Voila qui est explicite: on ne se balade pas sur une femme comme ça, même au nom de la médecine.

Elsa, l’étudiante, raconte son expérience en CHU (centre hospitalier universitaire). En avril 2016, au cours d’un examen du colon sous anesthésie générale, elle s’est vue proposer d’effectuer un toucher vaginal… devons nous préciser que la patiente est à ce moment TOUJOURS endormie? Le rapport entre le colon et un toucher vaginal? Aucun! Cette pratique n’est en rien justifiée dans le cadre d’une coloscopie comme le rappel Renée Greusard.

Le médecin lui a dit :

« Bon, Elsa, le TR (toucher rectal), tu maîtrises, alors maintenant : TV ! »

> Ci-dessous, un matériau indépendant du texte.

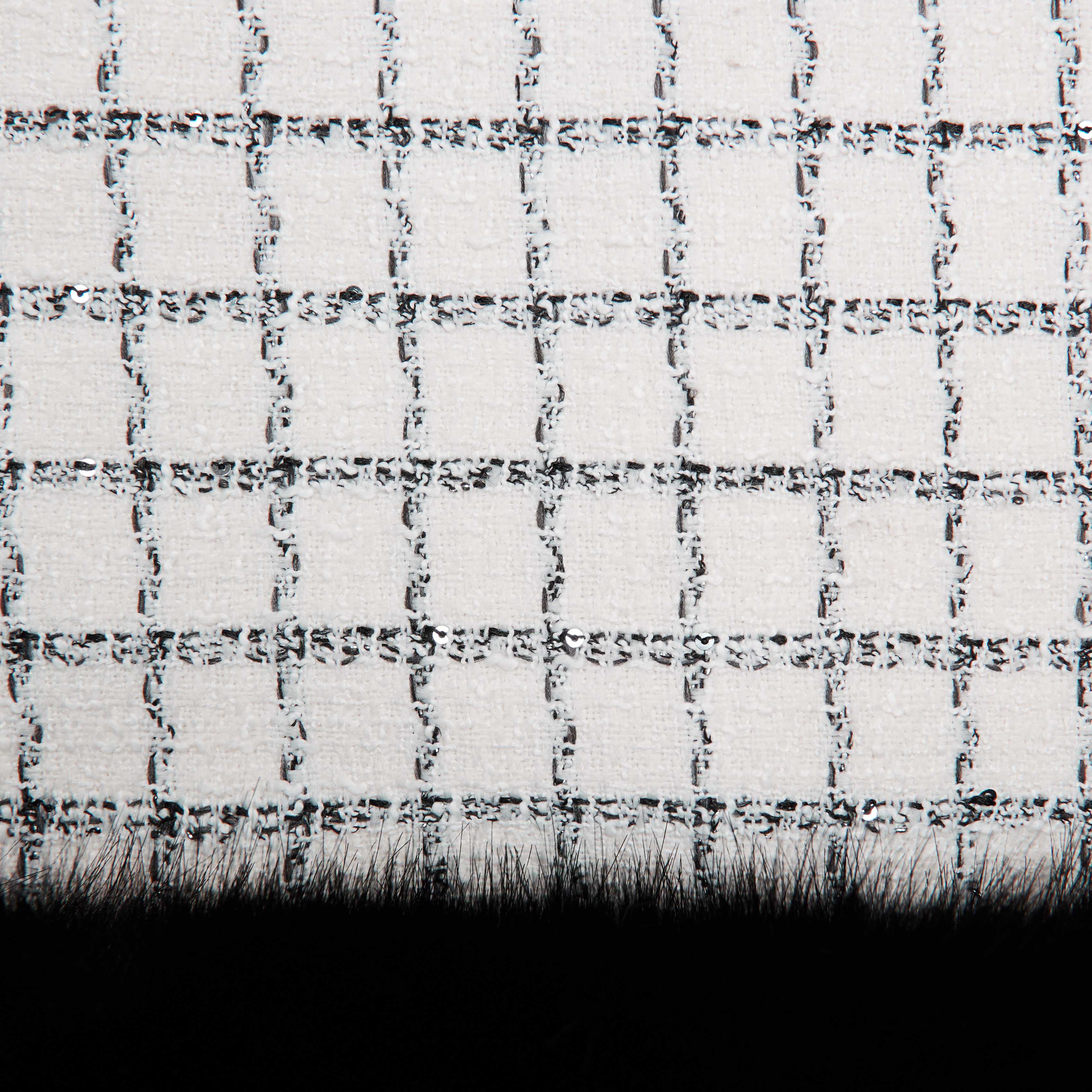 A faux fur trim adds instant glamour to the preppy energy of this check bouclé mini skirt. Pair its flattering high waist fit with our matching jacket and heels for a new take on the skirt suit.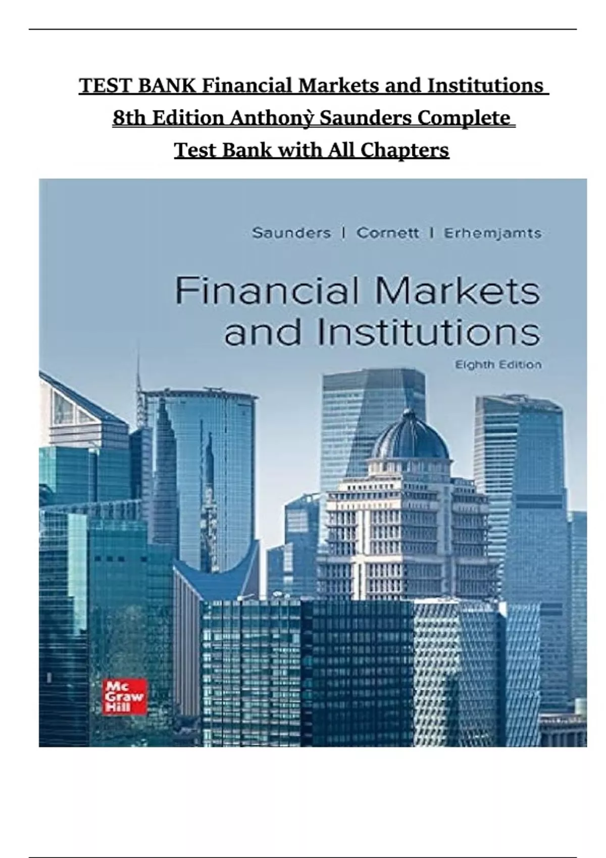 Test Bank for Financial Markets and Institutions, 8th Edition by Anthony Saunders – Complete Chapter Coverage with Verified Answers | 2025 Edition complete Test Bank for Financial Markets and Institutions, 8th Edition by Anthony Saunders. Financial Markets and Institutions (8th Edition) – Anthony Saunders | Complete Test Bank with Answers for All Chapters. Financial Markets and Institutions 8th Edition Saunders test bank PDF download. Anthony Saunders Financial Markets test bank 2025 edition answers. Complete chapter solutions Financial Markets and Institutions Saunders 8th. Verified answers Financial Markets test bank 8th Edition Anthony Saunders. Financial Markets and Institutions 8th Edition test bank all chapters. Saunders Financial Markets 2025 Edition test bank with explanations. Financial Markets and Institutions 8th Edition practice questions and answers. Anthony Saunders test bank Financial Markets updated 2025 version. Financial Markets 8th Edition Saunders chapter-by-chapter solutions. Test bank for Financial Markets and Institutions 8th Edition online access. Saunders Financial Markets 8th Edition exam prep materials. Financial Markets and Institutions test bank 2025 Edition full coverage. Anthony Saunders 8th Edition Financial Markets study guide with answers. Financial Markets test bank 8th Edition Saunders instant download. Comprehensive solutions Financial Markets and Institutions Saunders 2025. Financial Markets 8th Edition test bank multiple choice questions. Saunders Financial Markets and Institutions test bank true/false answers. Anthony Saunders Financial Markets 8th Edition test bank essay questions. Financial Markets test bank 2025 Edition Saunders with answer explanations. Test bank for Financial Markets 8th Edition Saunders instructor resources. Saunders Financial Markets and Institutions 8th Edition review questions. Financial Markets test bank 2025 Edition Saunders chapter summaries. Anthony Saunders 8th Edition Financial Markets practice exams with answers. Financial Markets and Institutions Saunders test bank updated for 2025. Complete test bank Financial Markets 8th Edition Saunders with solutions-This document is a comprehensive test bank for Financial Markets and Institutions (8th Edition) by Anthony Saunders. It includes verified multiple-choice questions, true/false items, and short-answer questions covering all chapters of the textbook. Each question is accompanied by accurate answer keys, making it ideal for exam preparation and self-assessment. The material aligns with core topics such as interest rates, bond pricing, monetary policy, financial intermediaries, and market structures.

L’étudiante a refusé de pratiquer cet « exercice » malgré la bonne volonté du médecin qui voulait pourtant bien faire. Elsa explique au téléphone que le médecin semblait réellement vouloir proposer une expérience instructive, « Il s’appliquait vraiment à m’apprendre des gestes ». En se justifiant, l’étudiante précise à son enseignant que ce n’est pas le toucher vaginal qu’elle refuse mais le simple fait que la patiente n’y ait pas consenti. D’autre part, l’étudiante est opposée à ce  qu’une pratique de ce genre soit proposée à un groupe d’apprentis comme cela s’est déjà produit. Elsa est restée incomprise du médecin.

On ignore si ces pratiques sont courantes. Aucun organisme n’a pour l’instant fait d’enquête à ce sujet. Seule donnée dont nous disposons, un rapport de la Conférence des doyens de facultés de médecine affirme que 33% des touchers vaginaux, rectaux et autres examens des « orifices herniaires » sont pratiqués sans l’autorisation des principaux concernés.